Our opinions are rendered only with respect to Delaware laws and rules,
regulations and orders thereunder which are currently in effect.



UBS Preferred Funding Company LLC IV
UBS Preferred Funding Trust IV
UBS Preferred Funding Company LLC V
UBS Preferred Funding Trust V
December 19, 2002
Page 6

                  Based upon the foregoing, and upon our examination of such
questions of law and statutes of the State of Delaware as we have considered
necessary or appropriate, and subject to the assumptions, qualifications,
limitations and exceptions set forth herein, we are of the opinion that:

                  1.       Company IV has been duly formed and is validly
existing in good standing as a limited liability company under the Delaware
Limited Liability Company Act (6 Del. C. Section 18-101, et seq.) (the "LLC
Act").

                  2.       The Company IV Preferred Securities will represent
valid and, subject to the qualifications set forth in paragraph 3 below, fully
paid and nonassessable limited liability company interests in Company IV.

                  3.       The Company IV Preferred Securityholders shall not
be obligated personally for any of the debts, obligations or liabilities of
Company IV, whether arising in contract, tort or otherwise solely by reason of
being a member of Company IV, except as a Company IV Preferred Securityholder
may be obligated to repay any funds wrongfully distributed to it. We note that
the Company IV Preferred Securityholders may be obligated to make payments as
set forth in the Company IV LLC Agreement.

                  4.       Trust IV has been duly created and is validly
existing in good standing as a statutory trust under the Delaware Statutory
Trust Act (12 Del. C. Section 3801, et seq.) (the "Trust Act").

                  5.       The Trust IV Preferred Securities will represent
valid and, subject to the qualifications set forth in paragraph 6 below, fully
paid and nonassessable interests in Trust IV.

                  6.       The Trust IV Holders, in their capacity as such,
will be entitled to the same limitation of personal liability extended to
stockholders of private corporations for profit organized under the General
Corporation Law of the State of Delaware (the "GCL"). We note that the Trust IV
Holders may be obligated to make payments as set forth in the Trust IV
Agreement.

                  7.       Company V has been duly formed and is validly
existing in good standing as a limited liability company under the LLC Act.

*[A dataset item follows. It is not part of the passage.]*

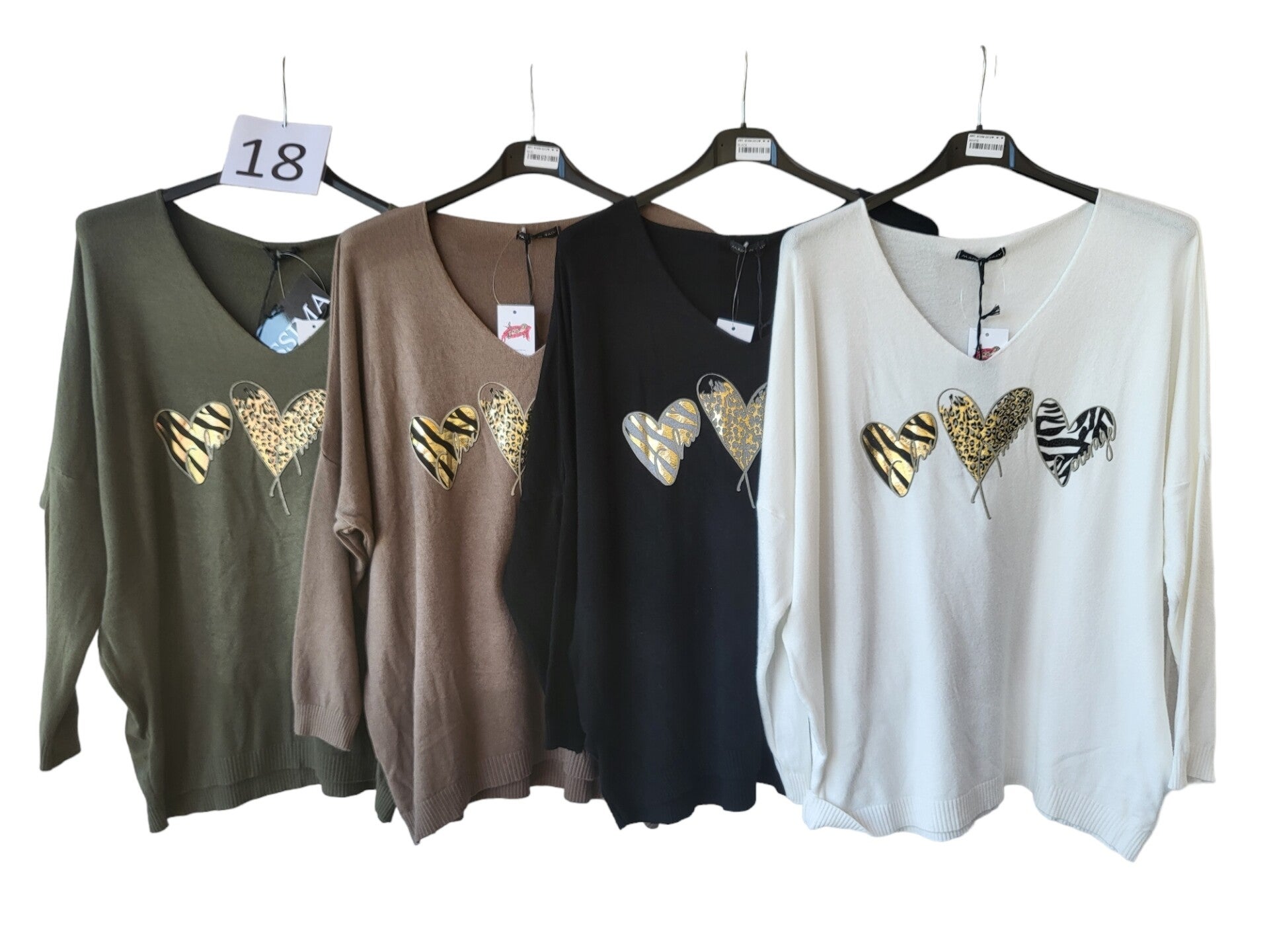 Pullover schwarz "3 Herzen", Gr. 38 - 42, 1x verfügbar

                  8.       The Company V Preferred Securities will represent
valid and, subject to the qualifications set forth in paragraph 9 below, fully
paid and nonassessable limited liability company interests in Company V.



UBS Preferred Funding Company LLC IV
UBS Preferred Funding Trust IV
UBS Preferred Funding Company LLC V
UBS Preferred Funding Trust V
December 19, 2002
Page 7

                  9.       The Company V Preferred Securityholders shall not
be obligated personally for any of the debts, obligations or liabilities of
Company V, whether arising in contract, tort or otherwise solely by reason of
being a member of Company V, except as a Company V Preferred Securityholder may
be obligated to repay any funds wrongfully distributed to it. We note that the
Company V Preferred Securityholders may be obligated to make payments as set
forth in the Company V LLC Agreement.

                  10.      Trust V has been duly created and is validly
existing in good standing as a statutory trust under the Trust Act.

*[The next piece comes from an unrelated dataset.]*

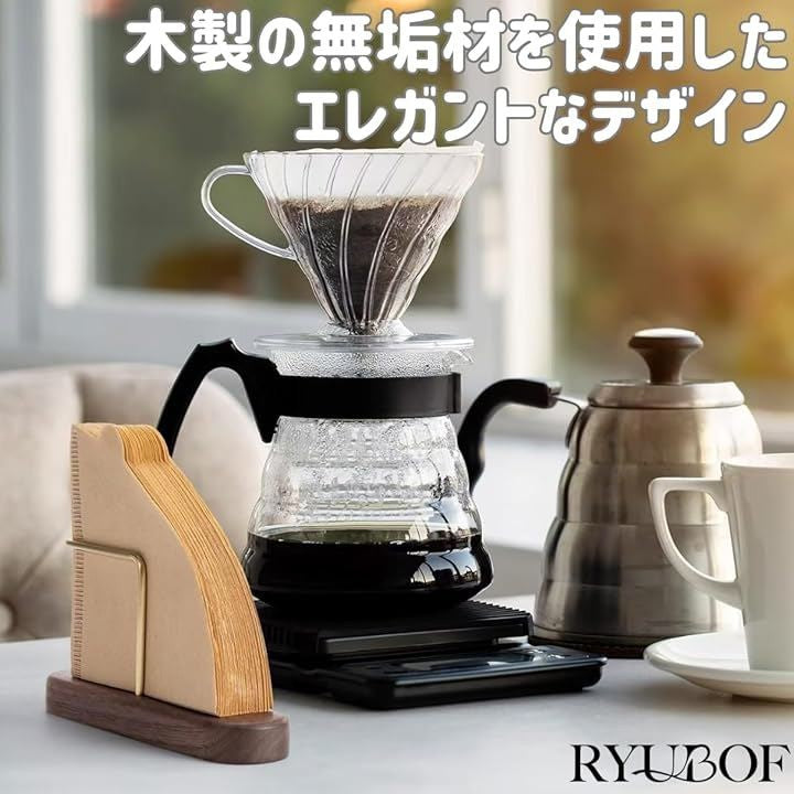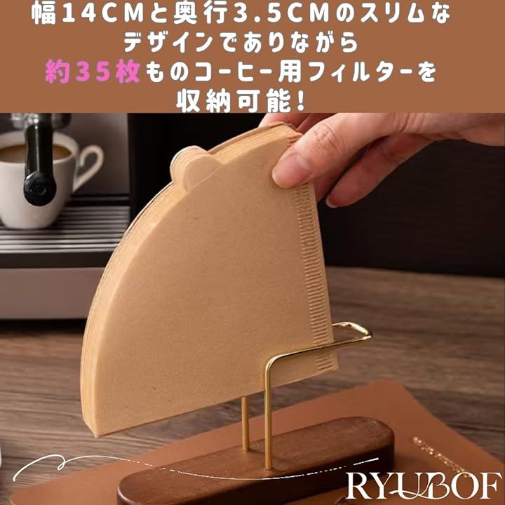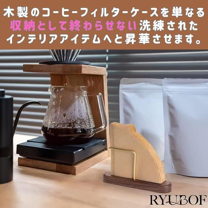 コーヒーフィルターケース スタンド 木製 真鍮 おしゃれ 円錐 台形 対応 ペーパーフィルター 収納 ホルダー ドリップスタンド

                  11.      The Trust V Preferred Securities will represent
valid and, subject to the qualifications set forth in paragraph 12 below, fully
paid and nonassessable interests in Trust V.

                  12.      The Trust V Holders, in their capacity as such,
will be entitled to the same limitation of personal liability extended to
stockholders of private corporations for profit organized under the GCL. We note
that the Trust V Holders may be obligated to make payments as set forth in the
Trust V Agreement.

                  We consent to the filing of this opinion with the Securities
and Exchange Commission as an exhibit to the Registration Statements. We also
consent to Sullivan & Cromwell's relying as to matters of Delaware law upon this
opinion in connection with opinions to be rendered by them in connection with
the Registration Statements. In addition, we hereby consent to the use of our
name under the heading "Validity of the Securities" in the Prospectus. In giving
the foregoing consents, we do not thereby admit that we come within the category
of Persons whose consent is required under Section 7 of the Securities Act of
1933, as amended, or the rules and regulations of the Securities and Exchange
Commission thereunder. Except as stated above, without our prior written
consent, this opinion may not be furnished or quoted to, or relied upon by, any
other Person for any purpose.

                                             Very truly yours,

EAM/JGL/MPQ/SNS

                                             /s/ Richards, Layton & Finger, P.A.